Despite this I loved watching him at his former club: a powerful, fast sports car of a forward, playing in a team pitched perfectly to his abilities: given the license to rampage but also the leeway to miss. Partly this is why United feels like the cruellest place he could possibly be right now: a place where "harsh judgments" are handed down in roughly the duration it takes to watch a short advertisement, the club with the largest and most ruthless gap between the patience and space he needs, and the time and air he is likely to receive.

We saw a case of this over the national team pause, when a viral chart handily informed us that the player had been deemed – decisively – the poorest acquisition of the summer transfer window by a survey of 20 agents. And of course, the media are not alone in such behavior. Team social media, online personalities, unidentified profiles with a suspiciously high number of pornbot followers: everybody with skin in the game is now basically operating along the same principles, an environment explicitly geared for provocation.

The Mental Cost

Scroll, scroll, tap, scroll. What is happening to ourselves? Are we aware, on any level, what this infinite stream of aggravation is doing to our minds? Separate from the essential weirdness of being a player in the center of it all, aware on a bizarre butterfly-effect level that each aspect about players is now basically content, commodity, open-source property to be packaged and exchanged.
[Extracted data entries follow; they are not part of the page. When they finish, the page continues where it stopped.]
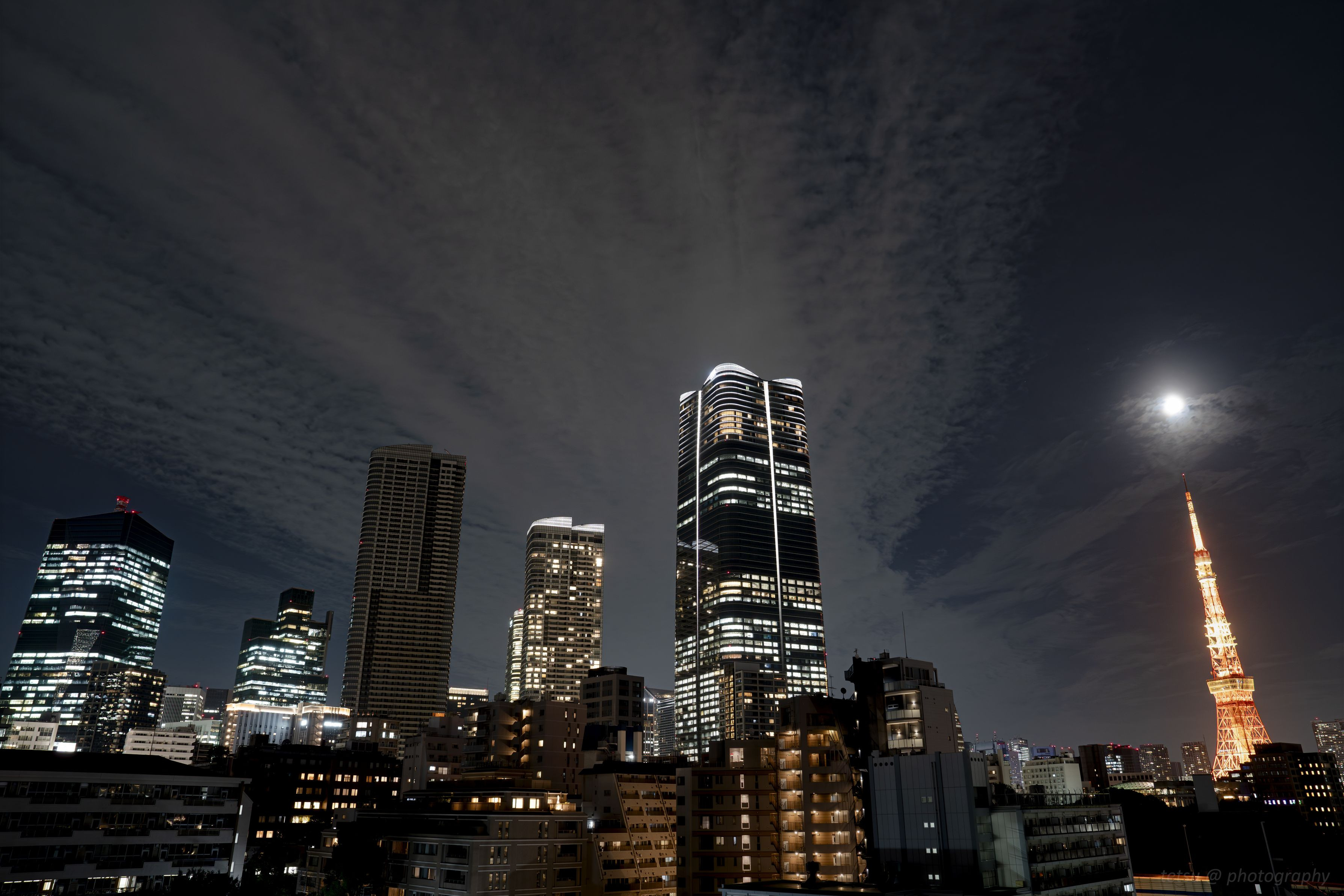 17夜、立ち待ち月の作品をもう一点。お月様がタワーの上空に顔を出すのを待って、都市景観とともに撮影した一枚です。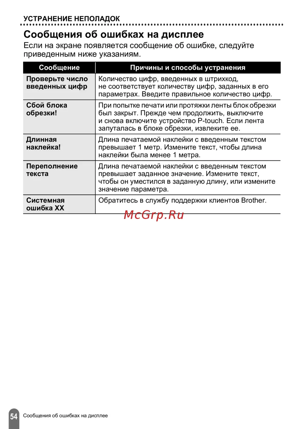 Brother PT-D600VP — устранение неполадок: сообщения об ошибках на дисплее [56/59]
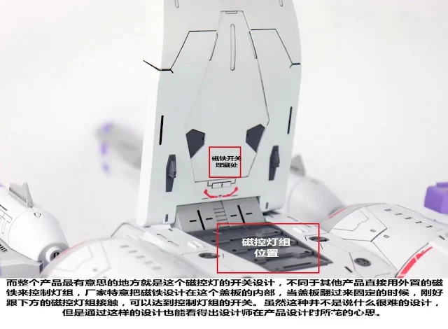| 열고 닫는 부위 안쪽에 LED와 LED ON/OFF용 자석을 적용해 상단 파츠를 닫으면 LED가 켜지는 구조입니다 |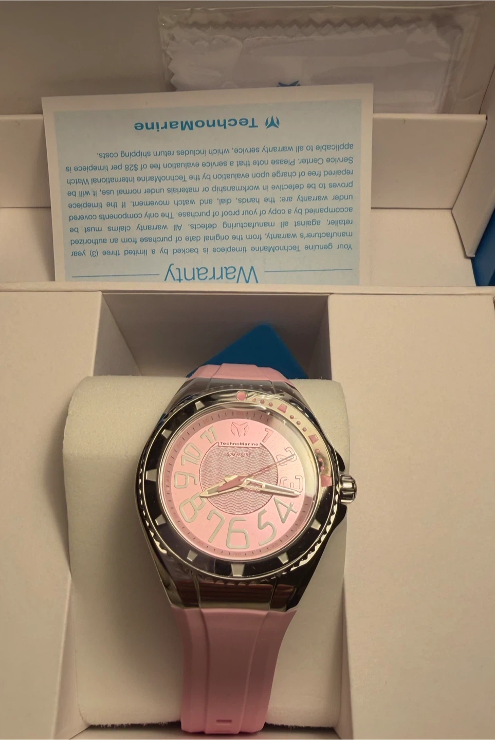Selling a brand new TechnoMarine Lusse mare 38mm watch in pink! It comes with its original box and warranty information. This stylish timepiece is ready to add a pop of color to your wrist. Original price $299 . Cheaper than sale price at the store . Great deal beautiful watch ! Bracelets don’t come with it .i have added the blue TechnoMarine case for its protection for free .
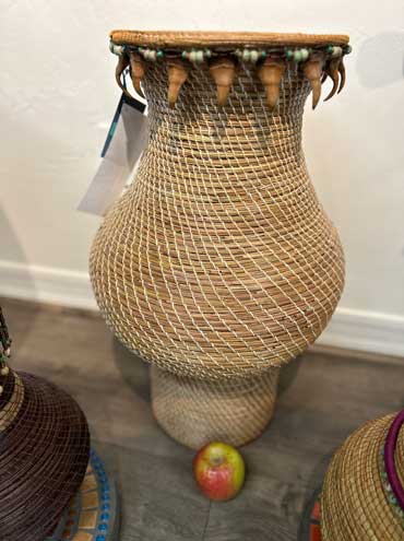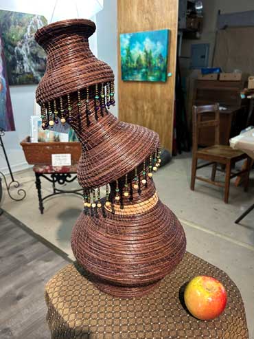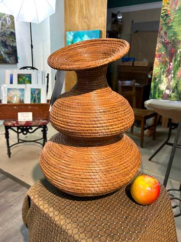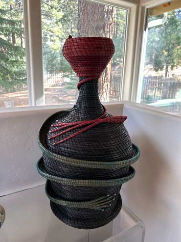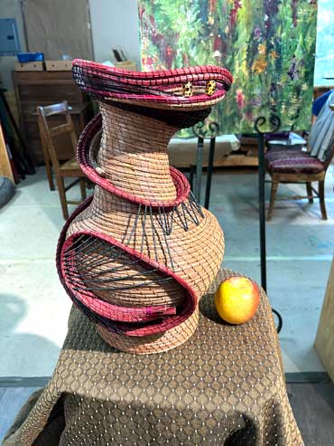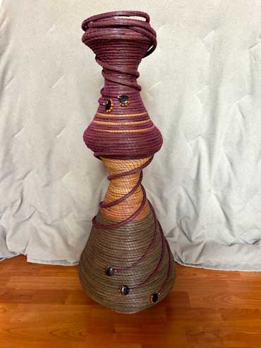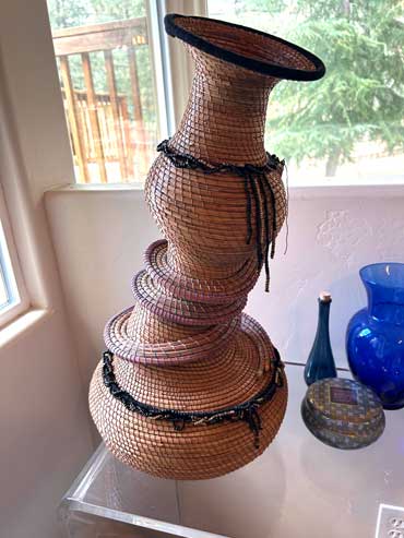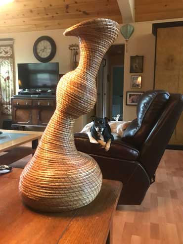 Prior to 2019 I began experimenting with making very tall pine needle vases or sculptures, then trying asymmetrical and whimsical shapes, which proved to be extremely challenging since pine needles have some recalcitrant characteristics.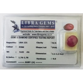 REPORT.NO.-LRA 121CLARITY.-N/ACOLOUR.-PINKSHAPE/CUT.-OVALWT.-9.82 CTSDIMENSION.-3-1.1-1.6-4.R.INDEX.-1.76-1.78HARDNESS.-9.0COMMENT.-RUBY { A }..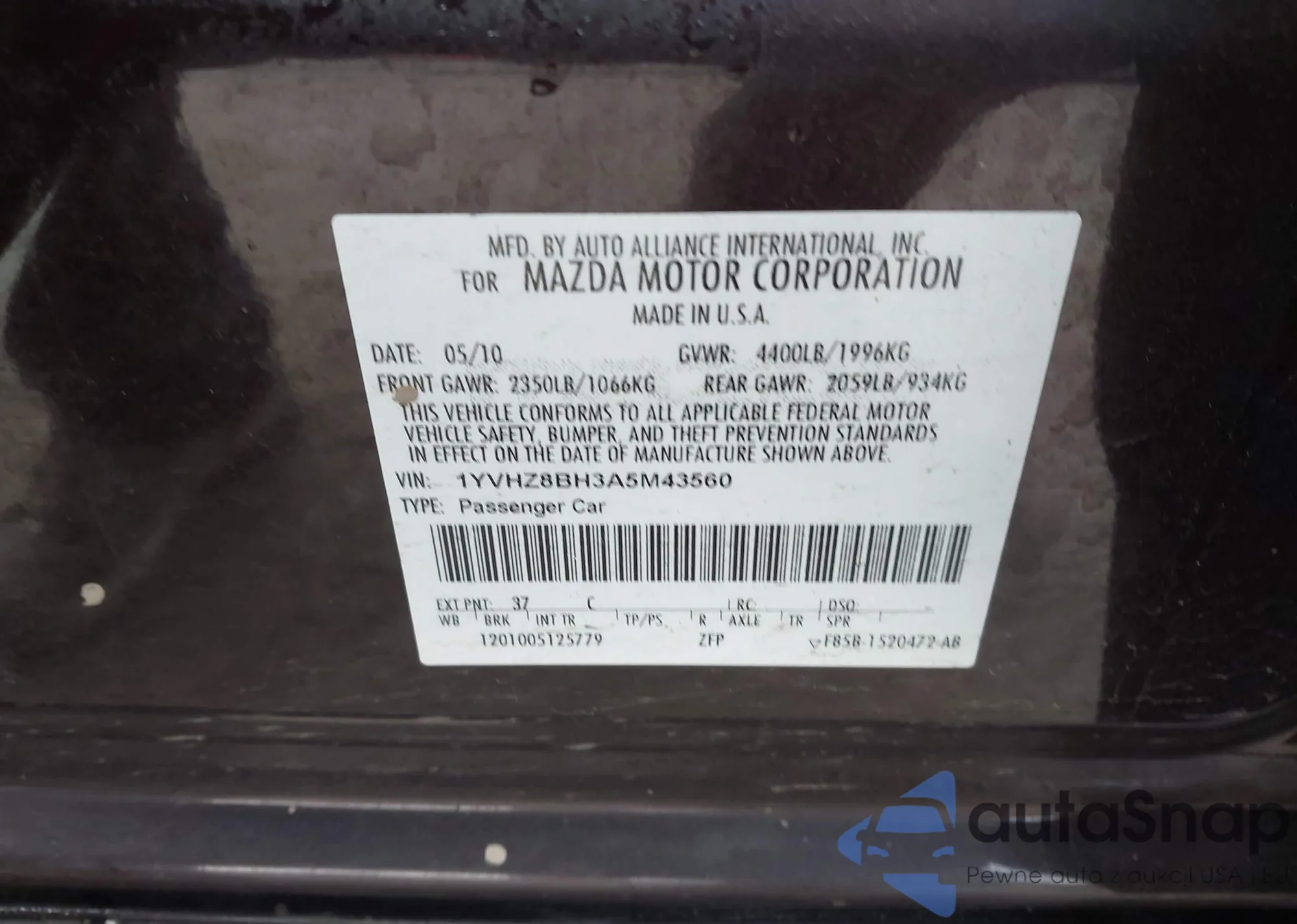 VIN: 1YVHZ8BH3A5M43560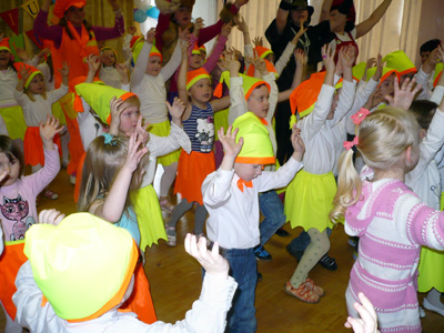 Vasario 26-ąją mūsų pasveikinti atvyko socialiniai partneriai – „Žemynos“ pagrindinės mokyklos mokiniai. Jie parodė nuostabų koncertą. Jame dalyvavo gal net dešimt mūsų darželį lankiusių vaikių. Buvo šokama, skambėjo dainos ir nuoširdūs linkėjimai: „Gyvuokit dar 45 metus!“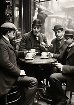 Ein schwarz-weißes Gemälde von Männern um einen Tisch. Zusammen mit einer Tasse Kaffee.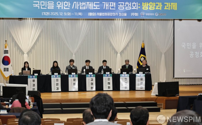 [서울=뉴스핌] 양윤모 기자 = 최근 국회에서 사법개혁 논의가 활발하게 진행되고 있는 가운데, 대법원 법원행정처가 10일 서울 서초구 서울법원종합청사 청심홀에서 '국민을 위한 사법제도 개편 공청회' 2일차를 개최했다. 토론회는 류경은 고려대학교 법학전문대학원 교수의 사회로 조은경 대구지방법원 김천지원 부장판사, 윤동호 국민대학교 법과대학 교수, 김정환 영세대학교 법학전문대학원 교수, 소재환 대전지방검찰청 부장검사, 한상훈 연세대학교 법학전문대학원 교수, 황상현 변호사가 토론에 참여했다. 2025.12.10 yym58@newspim.com
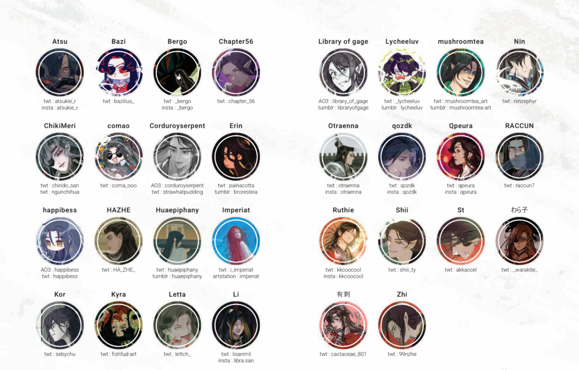 This zine will be a two-toned disaster with an equal number of pieces focussed on each of the four Calamities from TGCF (Heaven Official's Blessings). Artists and writers will converge to create both light-hearted and angsty content about Heaven's greatest headaches—Hua Cheng, He Xuan, Qi Rong, and Jun Wu.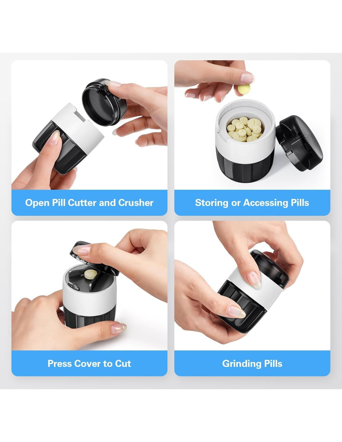 - Fácil de Usar - Abre el almacenamiento de pastillas, saca tu medicación y usa el cortador de pastillas para un corte preciso. Las pastillas cortadas se pueden triturar en polvo fino con el molinillo de pastillas según tus necesidades
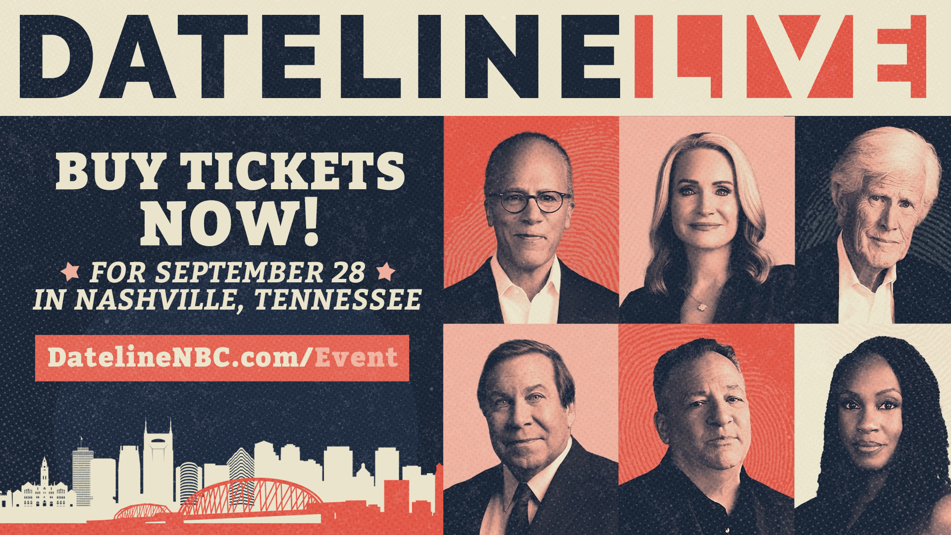 The Dateline team is hitting the road for a first-of-its-kind event! See you in Nashville on September 28 at The Pinnacle. Tickets are on sale now! |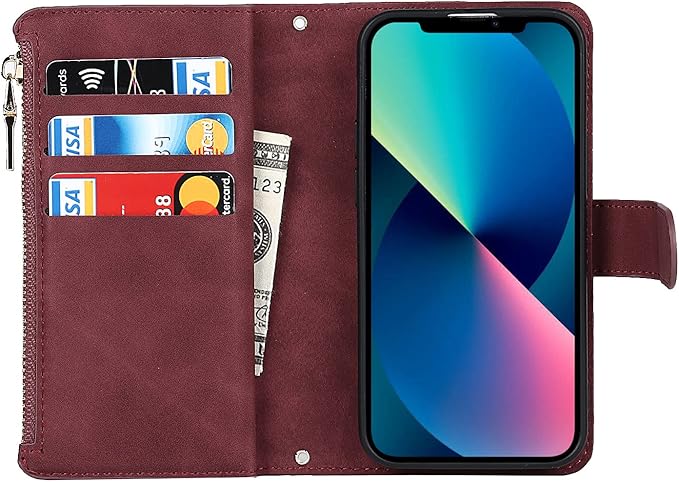 Eastwave アイフォン14 Plus ケース for iPhone 14plus 縄掛けケース for iPhone14 Plus 手帳型 財布型 ICカード コインポケット ストラップ付き カード 収納 小銭入れ ファスナーポケット付き PUレザー 6色レッド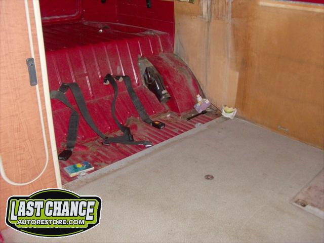 The interior has been removed, the curtains, cabinets, fridge, sink, bed, and flooring to metal. This will allow us to assess the amount of fabrication that will be needed in the interior floor and wheel well areas.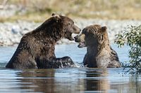 Grizzly beren vechtend in het het water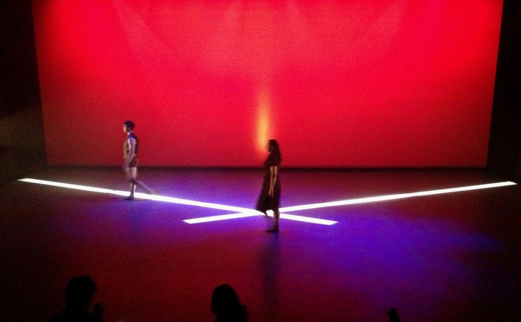 IDR Artistic Director Sandra Laronde with Taane Mete (Aotearoa). Performance footage featuring lighting by Andy Moro.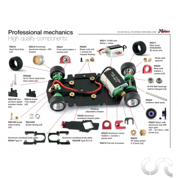 | Description: | BMW 2002 Ti " Marlboro " N°69. - Moteur cage courte anglewinder vissé sur son support de 21000 t/mn - couple: 200 gr/cm (RS211) - Pignon en laiton: 9 dents (RS232) - Couronne: 24 dents, diamètre 14 mm, moyeu aluminium vissé (RS227) - Châssis métal en 2 parties - Possibilité de régler le jeu entre les 2 parties - Axes AR pleins de 3 mm de diamètre. longueur: 46 mm reposant sur 2 roulements à billes intégrés à des supports en laiton (RS224) - Supports d'axes avants et arrière en laiton, vissés - 2 demi axes avants, longueur: 12.75 mm sur paliers laiton (RS225A) - Bagues de jeu latéral d'axe en laiton - 2 jantes arrière en aluminium vissées avec sur la surface une rainure décentrée de diamètre: 11.4 x 8.1 mm (référence : RS218) - 2 jantes avant en aluminium vissées avec sur la surface une rainure décentrée de diamètre: 11.4 x 8.1 mm (référence : RS218) - 2 pneus arrières, 30 shore (référence RS217), mesures CDL sur jante: diamètre : 17 x 8.5 mm - 2 pneus avants (référence RS216), mesures CDL sur jante: diamètre : 17 x 8.5 mm - Puits de guide en aluminium - Guide piste vissé muni d'un ressort dans l'axe - Livré avec 1 guides + 1 aimant muni d'un scotch double face, dimensions: 25 x 8 x 3.2 mm -Poids: 86gr les vis M3 , des roues , de la couronne et des supports moteur , nécessitent une clé Allen ou un tournevis avec un embout Allen de 1.5 mm |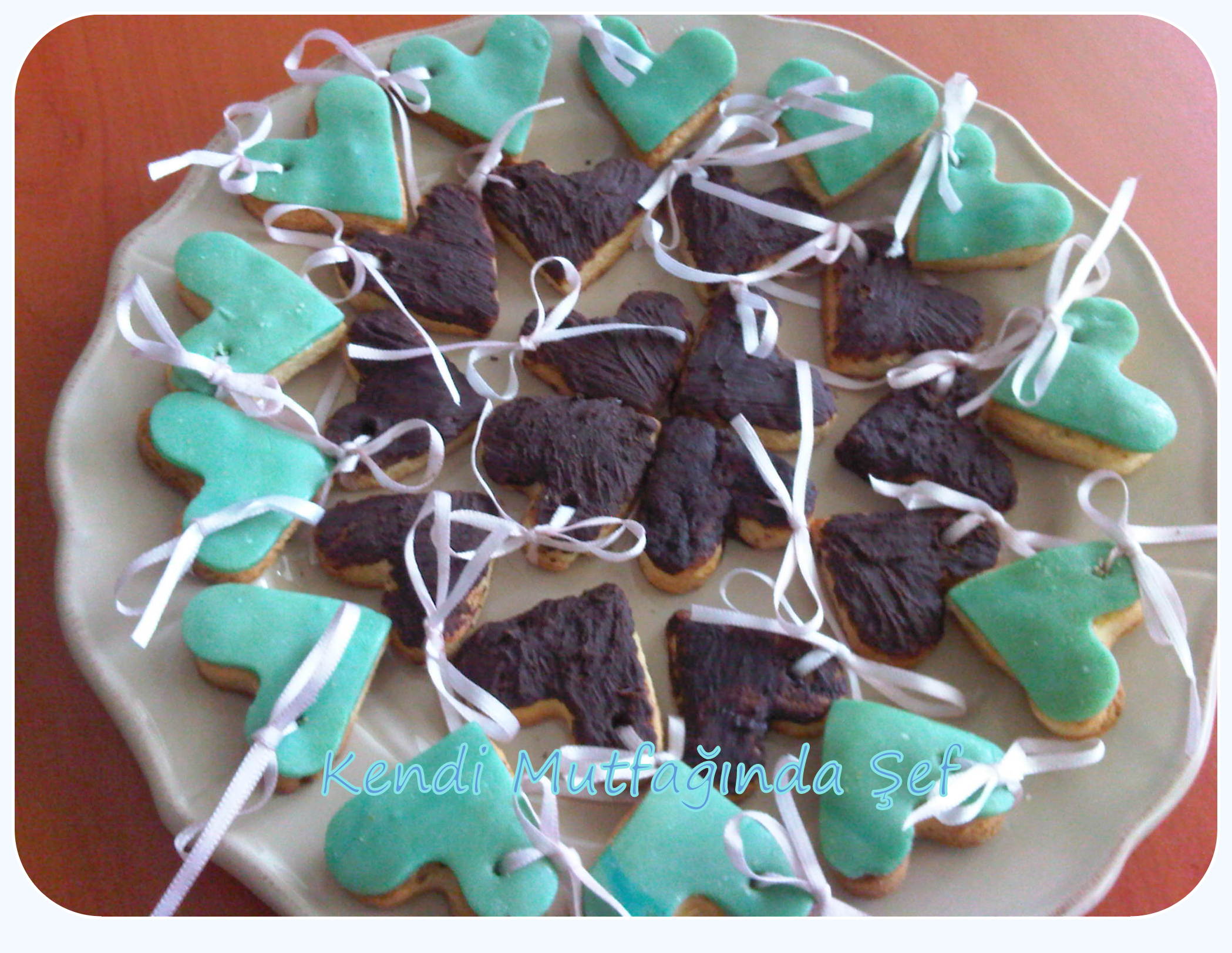 Bu kurabiyeyi hazırlayıp ailenize, arkadaşınıza götürmek istemez misiniz. Çok güzel hediye olur bence. İstediğiniz renk kurdele ve şeker hamuru ile süsleyebilirsiniz.

And yes, in part this is because it's Manchester United, the entity that continues to feed the cycle, a major institution that must constantly be generating the big feelings. However, partly this is a temporary malaise, a swing of judgment most clearly and harshly observed at this time of year, about a month after the window has closed. All summer long we have been desiring footballers, eulogising them, salivating over them. Now, just a few weeks in, a lot of those very players are already being disdained as failures. Should we start to worry about Jamie Gittens? Was Arsenal's purchase of their striker wise? What was the purpose of another expensive buy?

The Bigger Picture

It seems fitting that he faces their rivals on Sunday: a team simultaneously on a long unbeaten run at their stadium in the Premier League and yet in their own state of perceived turmoil, like filing a a report on someone who went to the shops 30 minutes ago. Defensively suspect. Mohamed Salah finished. The striker an expensive flop. The coach losing his hair.

Perhaps we have failed to understand the way the narrative of football has begun to supplant football the actual game, to influence the way we watch it, an whole competition repivoted around talking points and reaction, an activity that happens in the background while we scroll through our devices, unable to detach from the saline drip of takes and further hot takes. It may be Sesko taking the hit right now. But in a way, we're all sacrificing a part of the experience here.

Kristine Howard
Kristine Howard

A cultural critic and writer passionate about exploring modern societal shifts and their impact on everyday life.